燃料電池の解説でも少し記載していますが、ALDの世界では粒子(パーティクル)へのナノレベルのコーティング(成膜)をすることによって、保護膜をつけたりや表面の性質を改質することが可能です。装置構成に関して言えば、原料や配管ガスの取り回しはウエハー基板用と同じですが、パウダーをどう扱うかということが異なります。そしてそのパウダーの取り扱い方が最も重要になってきます。一つの代表的な例「Fluidization (流動化処理)方式」を下に示します。

Fluidization - overview

キャリアガス、TMAなどのプリカーサーが配管を通り、パウダー試料の容器に順次入ってきます。

Fluidization - Step

キャリアガスが投入される前(「開始前」)、パウダー粒子は容器の下側に落ちて収まっています。ただ金属メッシュにより更に下には落ちていきませんが、金属メッシュにはその粒子の目より小さい穴が空いているため、下からガスの通過を許します。
Step 1: 容器の下からキャリアガスが流れて来るとパウダー粒子も浮き上がってきます。この状態はまたパージの状態でもあります。
Step 2: ここにTMAガスを流して、まずはAlのレイヤーをパウダー粒子につけます。
Step 3: パージします。
Step 4: そして酸化系のプリカーサーを流してあげ、酸素のレイヤーを形成します。

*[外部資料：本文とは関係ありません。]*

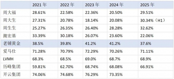 叠加成本采购、全直营等因素,老铺黄金的毛利率使其始终在40%左右,仅比传统金店的毛利率高出10%的水平。甚至在2025年金价上调的情况下,老铺还创下了五年来的毛利率新低37.6%。
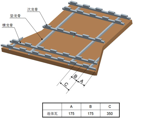 注:1、連體瓦與連體支架由M5鉆尾絲固定與次龍骨上;
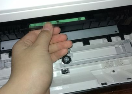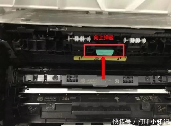 打开盖板后可以看到机器内部构造,在上方可以看到一个绿色的开关,向上弹起后就能看到双面打印单元。【提问】
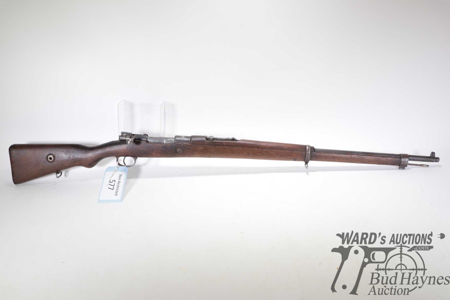 Non-Restricted rifle Asfa Ankara model Mauser 1903, 8mm bolt action, w/ bbl length 29 1/2" [Blued barrel and receiver. Fixed front and adjustable rear sights. Internal magazine. Full wood stock with metal butt plate. Fitted with sling rings, bayonet lug and includes cleaning rod. Matching serial number on receiver, rear sight etc., non-matching serial number on bolt. Other markings include the crest of the Ottoman Turkish Empire, and date stamp "1942" on top of receiver etc. Mechanically appears to function reasonably well. Most bluing worn with some surface rust and pitting and other use, handling and storage marks] serial # 97544,
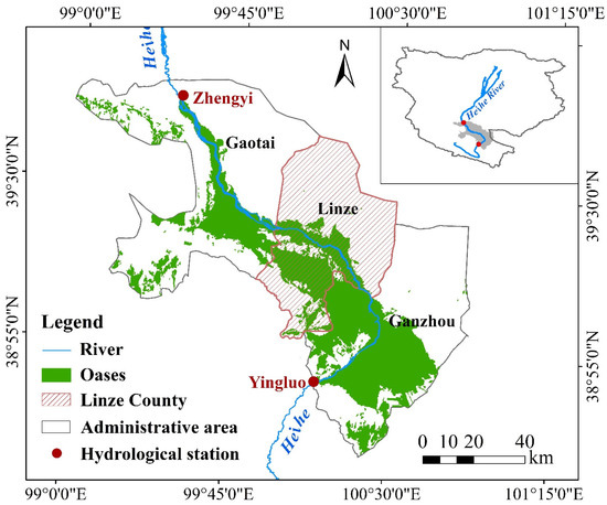 Accordingly, we selected the Linze Oasis, a typical middle reaches Oases in the Heihe River basin, as the research area in this study. We investigated the quantitative relationship between the ecosystem and society from a sociohydrological perspective [33], as well as the impact of water resource utilization on agricultural development. Furthermore, we conducted these investigations in terms of scale and structure for the years 1990 to 2020 (i.e., before and after the implementation of water distribution policies in the Heihe River basin) to reveal the regime shifts and cascading effects in the oases associated with policy, economic, and other factors. This study aimed to provide a scientific basis for decision making regarding the sustainable development of oases in arid regions, as well as to enhance our ability to address climate change and other systematic risks.
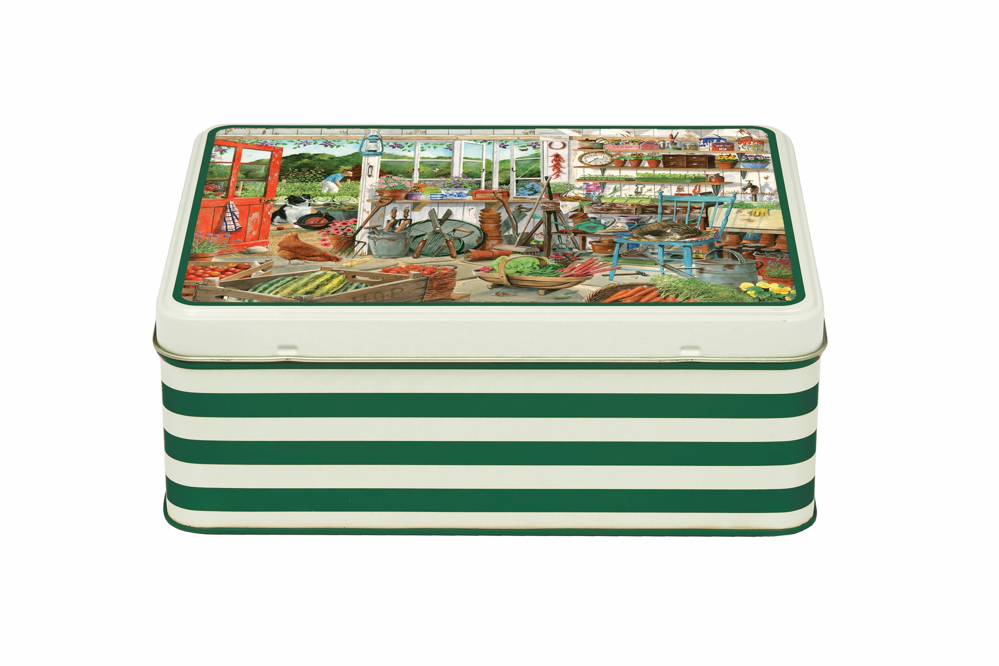 Keepsake tin featuring a border collie peeping into a busy garden shed where a cat is taking a nap.
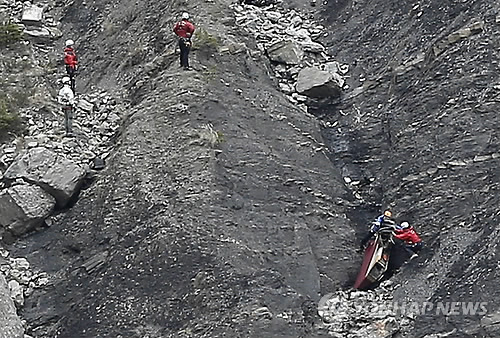 | △ 프랑스 남부 알프스에 떨어진 저먼윙스 여객기의 잔해를 수색 중인 구조대원들 (AP=연합뉴스) |

あとは上記のStep 1 から4を繰り返すことにより所望の膜厚を付けることができます。

このFluidization (流動化処理)方式の短所は、プロセスの度に容器を交換しなければならないこと、一回の処理量が少ないことが考えられます。

ALDパウダーコーティングの研究されている用途としては、リチウムイオン電池、燃料電池、量子ドットなどです。特にリチウムイオン電池のリチウム系粒子へのAl2O3などの保護膜としてALDの量産適用が検討されているようです。